I swear that I will do everything to keep my carbon footprint as small as possible and continuously reorganize my life and use the car only if there is no other possibility.

Lizzy was no environmental burden, she lived the first ten years of her life from the mice and rats that she caught in the barns of various farms and after joining the cat family she lived from a little bit of dry food, occasionally enhanced with special food from the veterinarian, and from the mice, that Harry brought her. Lizzy did not contribute anything to the current environmental devastation, her carbon footprint was tiny for sure.

I looked at her and I felt again this growing tension in my chest, my eyes watered up and I started sobbing. Some readers will consider that as overly sentimental and inappropriate — after all, It was only a little cat. In company I would probably have concealed my emotions, but as nobody was watching, I let my tears flow.

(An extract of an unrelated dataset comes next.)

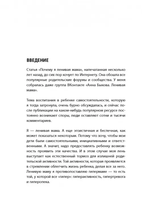 Эта книга нужна всем мамам (а также папам), настоящим и будущим. В нее вошли два бестселлера Анны Быковой из серии "Ленивая мама", которые совершили прорыв во взглядах на воспитание и роль родителей в жизни детей.

I bent the metal mesh, so that it fitted into the hole and laid it on Lizzy’s body and on top of that I placed a ceramic tile. The tile covered her body nearly completely and together with the metal grid it was sufficient protection to prevent a fox or other animals to dig out and fetch the corps. I didn’t need the stones. I shoveled the earth back into the hole and tried to clean up the surrounding as good as possible. I could make the surface plane, there was no mound. The grass would cover the grave soon and there would be no indication that a little cat body was resting there in the ground. Nobody would know except me and this man.

I called him and we shortly exchanged some further thoughts about various matters and about life in general. He asked me to walk his dog next Sunday. We had offered some weeks ago to care for his animals when he was visiting his children or his girlfriend.

I would have plenty of opportunities to visit Lizzy. Plenty of opportunities to cry again about a little cat.


Miss Marple, who soon will be 19 years old, has in the last time gradually assumed the position that Lizzy once occupied. She always is around me and follows me wherever I go and in the night she lays on the bed and purrs me to sleep with her soft voice.

Who said that cats are nocturnal animals? The cats in my family are for sure not more nocturnal than I am, they usually sleep when I sleep and they go up when I go up.

As I recall my memories of Lizzy, who was undoubtedly the greatest cat love of my life, and compare her with Miss Marple, I ask myself, if that will be my destiny: One by one accompanying and guarding my aging feline friends through their final years?

Helping them to close down their lives peacefully, gracefully, and dignified?

I could imagine a worse fate.

Maybe fate is kind, maybe it turns out this way — lets hope for the best.